Task brief - Please give every line below again exactly, but not its pictures.

Given material -
=-=-=-=-=

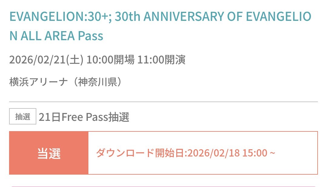 2026/2/21のエヴァフェス当選してましたヽ(´▽`)/ 真綾さんが出演する前からのエヴァファンとしては参加するしかないです! #エヴァフェス #エヴァ30 #エヴァンゲリオン #EVANGELION #VHSって知ってますか pic.x.com/iFrHVZev2h x.com/evangelion_co/…
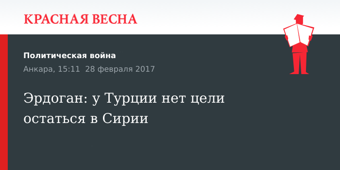 Турция не ставит целью оставлять свой вооруженный контингент в Сирии, при этом готова в случае необходимости продолжить военную операцию, заявил президент Турции Реджеп Тайип Эрдоган 28 февраля на пресс-конференции в Анкаре, передает РИА Новости.
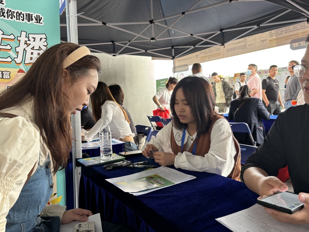 “小白挑战高收入”“边玩边赚”……在招聘会现场,广州熹枫文化科技有限公司打出“诱人”广告,招聘5—10名游戏主播,还有数据专员、游戏客服专员、短视频剪辑专员、游戏商务专员等岗位,“我们游戏主播的待遇分为三块,包括底薪、提成和福利。没有经验的新手主播,可以拿3000元‘无责底薪’,只要试播时长够就给。正式主播的底薪是4000元—10000元,流水越高底薪越高。提成是按游戏利润的一定比例给,福利包括社保及餐补。”

=-=-=-=-=

Result of this task -
 2026/2/21のエヴァフェス当選してましたヽ(´▽`)/ 真綾さんが出演する前からのエヴァファンとしては参加するしかないです! #エヴァフェス #エヴァ30 #エヴァンゲリオン #EVANGELION #VHSって知ってますか pic.x.com/iFrHVZev2h x.com/evangelion_co/…
 Турция не ставит целью оставлять свой вооруженный контингент в Сирии, при этом готова в случае необходимости продолжить военную операцию, заявил президент Турции Реджеп Тайип Эрдоган 28 февраля на пресс-конференции в Анкаре, передает РИА Новости.
 “小白挑战高收入”“边玩边赚”……在招聘会现场,广州熹枫文化科技有限公司打出“诱人”广告,招聘5—10名游戏主播,还有数据专员、游戏客服专员、短视频剪辑专员、游戏商务专员等岗位,“我们游戏主播的待遇分为三块,包括底薪、提成和福利。没有经验的新手主播,可以拿3000元‘无责底薪’,只要试播时长够就给。正式主播的底薪是4000元—10000元,流水越高底薪越高。提成是按游戏利润的一定比例给,福利包括社保及餐补。”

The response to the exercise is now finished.